Closed 2a3b4c closed 7 months ago
Hi, projection_matrix (768*768) is the CLIP projection matrix, which should be weight.data of Linear layer defined in CLIP (out_dim, in_dim). We actually didn't use the image embedding, therefore, you can comment out this line. Let me know if you have further questions.
update: I have pushed the codes with this line cemented out, plz let me know if you meet other issues.
I review the decode processed data, and find the corresponding caption of every segmantion is empty, is it normal?
I don't think so, except in cases where all instances are quite small (smaller than 32x32). You have the option to modify this line to if area >= 0*0:
to include instance captions for all instances. However, be aware that captions for very small instances might be less accurate. Alternatively, using the category name as the instance caption is a simpler option that might also work.

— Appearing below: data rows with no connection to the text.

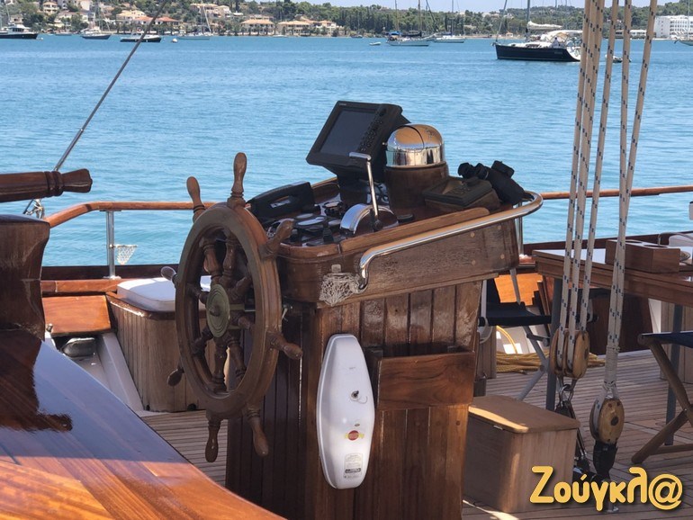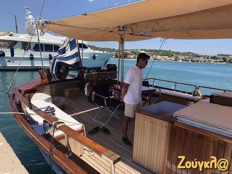 Με ζήλια κοιτάς τα καλογυαλισμένα ξύλα του σπιράγιου και της κουπαστής. Ο Κωνσταντίνος με τη σύζυγό του Άννα Μαρία καμαρώνουν φωτογραφιζόμενοι στην κουβέρτα με τον ήλιο να αντανακλά και να παίζει πάνω στο βαθύ μπλε του καϊκιού.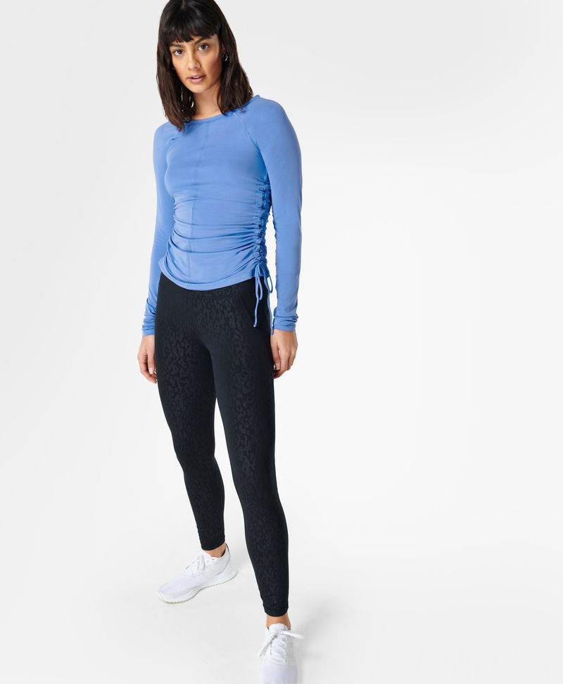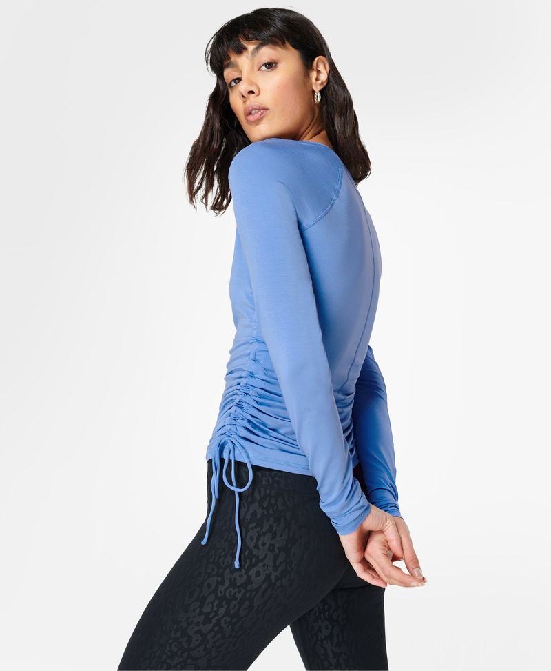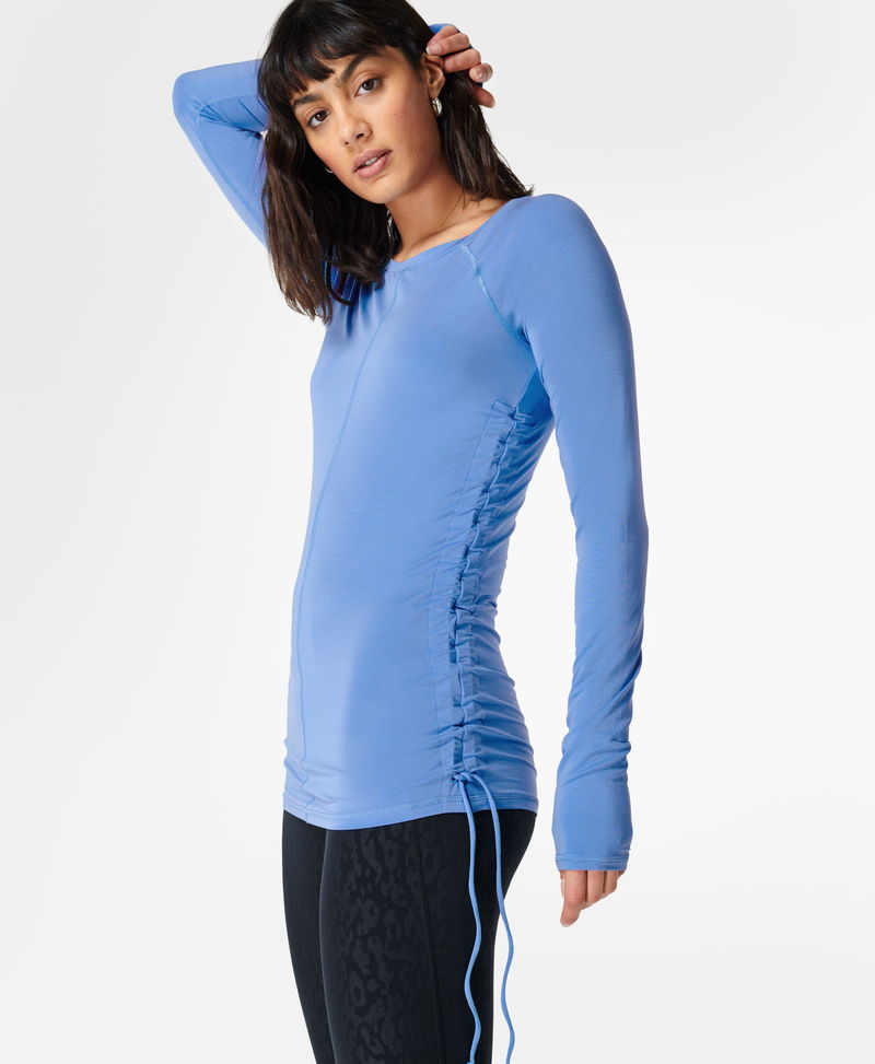 Sweaty Betty’s feminine long-sleeved top for studio classes and more. Soft, smooth Tencel™ blend made using plant fibres. Soft, smooth Tencel™ blend made using plant fibres Slim fit with a wide crew neck and raglan sleeves. Ruched sides with adjustable ties. Seam detailing at the front and back.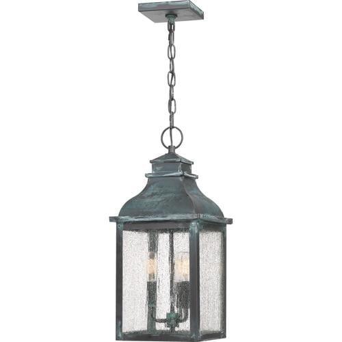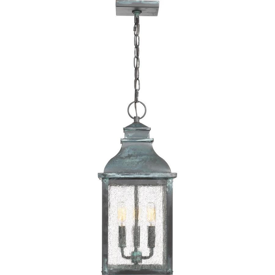 Quoizel Branson Aged Verde Traditional Seeded Glass Lantern Pendant Light, 3-Light, 9-in Wide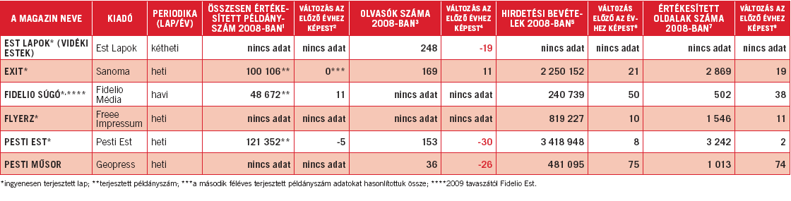 Idén eddig jelentős változások elsősorban az Est Media Groupnál (EMG) látszódnak: a második negyedévben megújulását tervező Pesti Est főszerkesztői székéből március elején távozott Darányi András, helyére a korábban az online megjelenésekért felelős Viszmeg Krisztina került. Az EMG-nek köszönhetően új piaci szereplőt is üdvözölhettünk, a brit Time Out programmagazin budapesti verziójával fizetős lapot dobtak piacra. Az angol nyelvű próbaszám már 2008 végén megjelent, az első igazi idén februárban jött ki, a magyar változat kiadása pedig 2009 második felében várható, bár a válság hatására ez az időpont nem kizárt, hogy tolódik majd. A lap mindenesetre a szintén fizetős Pesti Műsoron kívül az angol nyelvű Funzine-nak is konkurenciát jelenthet.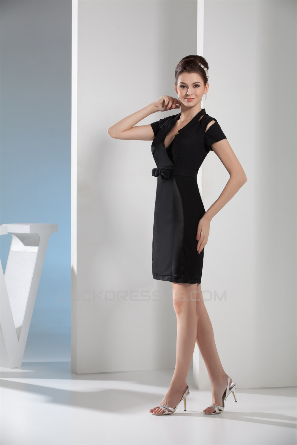 Bows V-Neck Short/Mini Short Sheath/Column Mother of the Bride Dresses 2040022
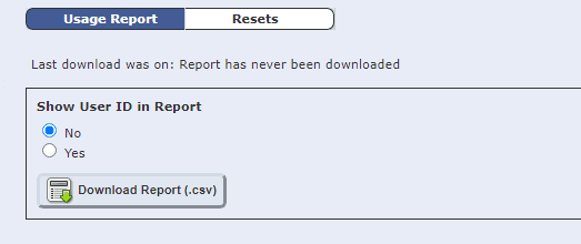 6. On the “Usage Report” tab you can download the usage data to an excel file and then print it out if you want a physical copy. The “Resets” tab will allow you to reset all the data back to zero.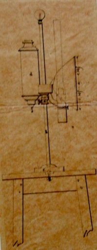 Dessin d'un appareil d'éclairage : réflecteur parabolique ou photophore avec lampe à niveau constant, disposé en 1883 (AD 22)Immatriculation
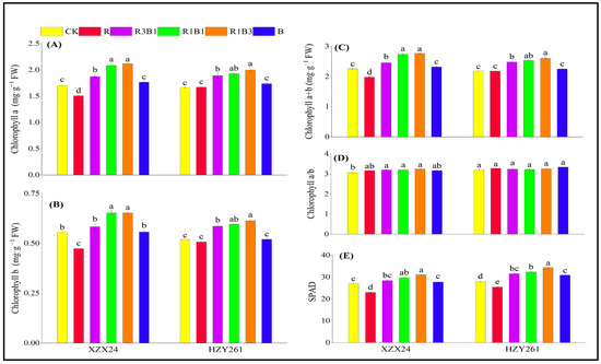 Effects of red, blue, and combined red and blue lights on pigment contents and SPAD of rice seedlings. (A): Chlorophyll a, (B): chlorophyll b, (C): chlorophyll a + b, (D): chlorophyll a/b, (E): SPAD, CK: white light, R: red light, R3B1: 75% red light + 25% blue light, R1B1: 50% red light + 50% blue light, R1B3: 25% red light + 75% blue light, B: blue light. According to the LSD test, different lowercase letters indicate statistical differences at the 5% level between different light-quality treatments for the same variety.
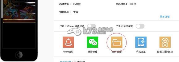 第一步,设备连接电脑,打开ITOOLS出现如下界面,选择文件管理,老版ITOOLS在左侧主界面上下方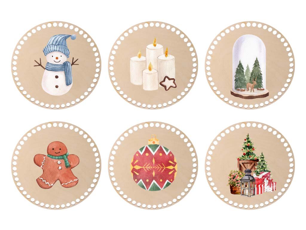 Kolekcija od 6 okruglih izrezaka od brezove šperploče s božićnim motivom prikladna je za izradu elegantnih podmetača i košara koje će uljepšati vaš interijer.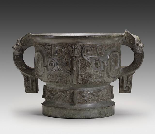 Gallery LabelThe gui was used for offering grain. Although gui were made during the Shang dynasty, they became much more important during Western Zhou and reflect an overall ritual shift from wine to food vessels. Indeed, the Zhou criticized the Shang for having been too bibulous. The coiled dragons on the main panels of this vessel possess ridged bodies and long snouts reminiscent of elephant trunks.
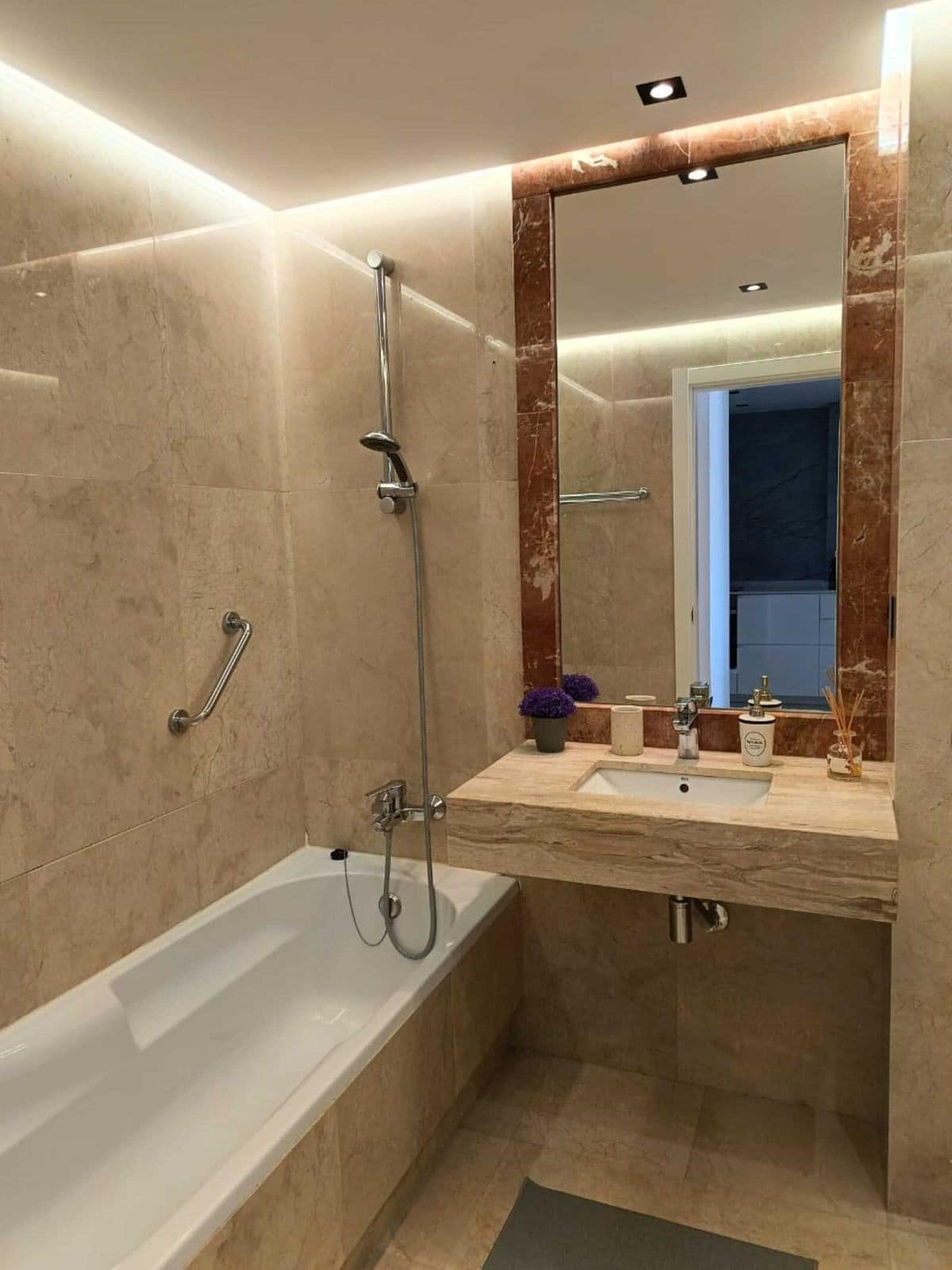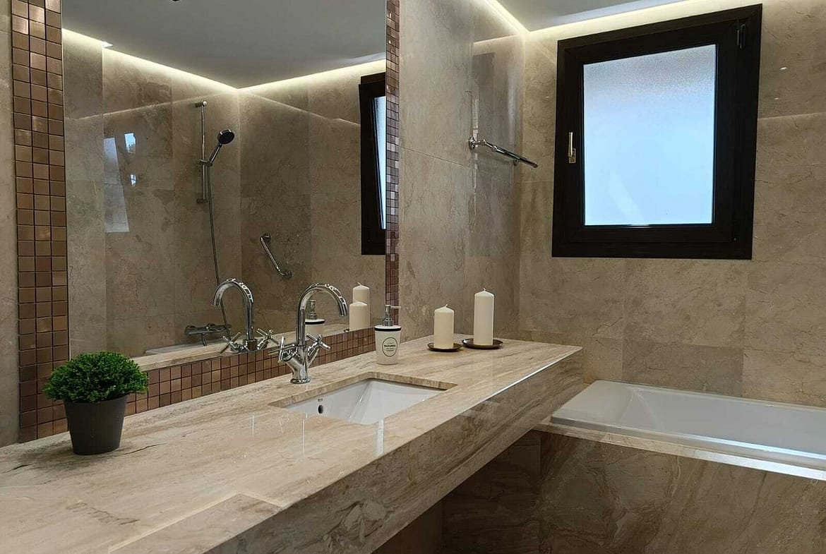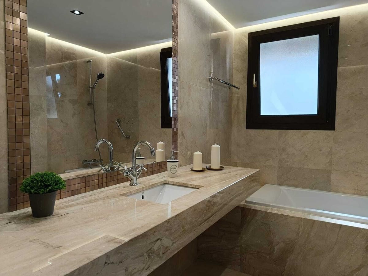 The apartment features three spacious bedrooms and two modern bathrooms, making it perfect for families or groups. The fully equipped kitchen has everything you need to prepare meals at home, while the bright living room is filled with natural light, creating a warm and inviting space to unwind.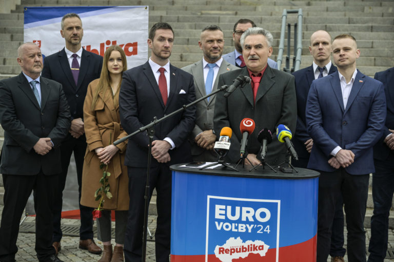 Kandidáti do volieb do EP za hnutie Republika počas tlačovej besedy hnutia Republika, na ktorej predstavili kandidátnu listinu do volieb do Európskeho parlamentu (EP). Bratislava, 8. marec 2024. Foto: SITA/Milan Illík

thanks for your answer, i used the coco dataset to process, and the key "is_det" in data is 0, so caption information in the decoded data can not be obtained. I just wander waht the key "is_det" meaning? and the meaning of o365 in the corresponding comment "# if it is from detection (such as o365), then we will make a pseudo caption"
If is_det
is 0, the model will use the generated instance captions. Otherwise, it will use the category name (from ground-truth or an object detection model) as the pseudo instance caption.
how to get the "projection_matrix" file?